I agree whiteknight, Stagflation seems the likely outcome to me too.
14. d'oh said...
mrmickey - I had the same paranoid worry myself. Luckily, I wrapped my sandwiches in tinfoil this morning.
15. shipbuilder said...
I would say stagflation too - the credit crunch/crash will curb spending while we still have the problem of decreasing resources, importing inflation from China soon and a weakening currency. Can there be any other outcome?
16. david20040_0 said...
Errrrr how? When oil is nearly $90 a barrel?
17. sold 2 rent 1 said...
Deflation is the ultimate destination of the UK and the western world
How visible was deflation in Japan in 1989 and in the US in 1929. It wasn't
Money supply/new debt is increasing at 13% a year in the UK. Most of this new money/debt is going into assets. Very little is showing up in goods/services price rises (as yet).
Deflation happens when homeowners and businesses default on their loans and the money supply starts to contract. When the money supply contracts we have deflation in the making.

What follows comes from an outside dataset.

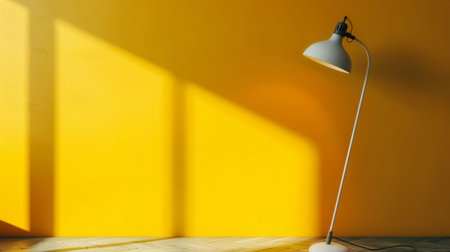 A minimalist lamp casting shadows on a yellow wall. The simple and artistic image is perfect for themes related to interior design, minimalism, and modern decor.

This is why governemnts are allowing money supply growth to rage ahead. The crux of the problem is that as long as this new money goes into assets the situation only gets worse and the end result more predictable.
The western governments only have 2 years or so left to start generating some serious price inflation (say > 50%) to erode the debt levels. By 2010 the default rate on loans will mean the money supply will start contracting - game over.
18. Northernlad said...
YET MORE *ULLSHIT FIGURES WE AS A NATION ARE EXPECTED TO BELIEVE!
19. mrmickey said...
sold 2 I think your spot on. The war on terror and the housing bubble have all been engineered to keep the money supply expanding, all built on debt of course, once the money supply contracts and deflation sets in were back in a situation where only a world war may get the money supply expanding again.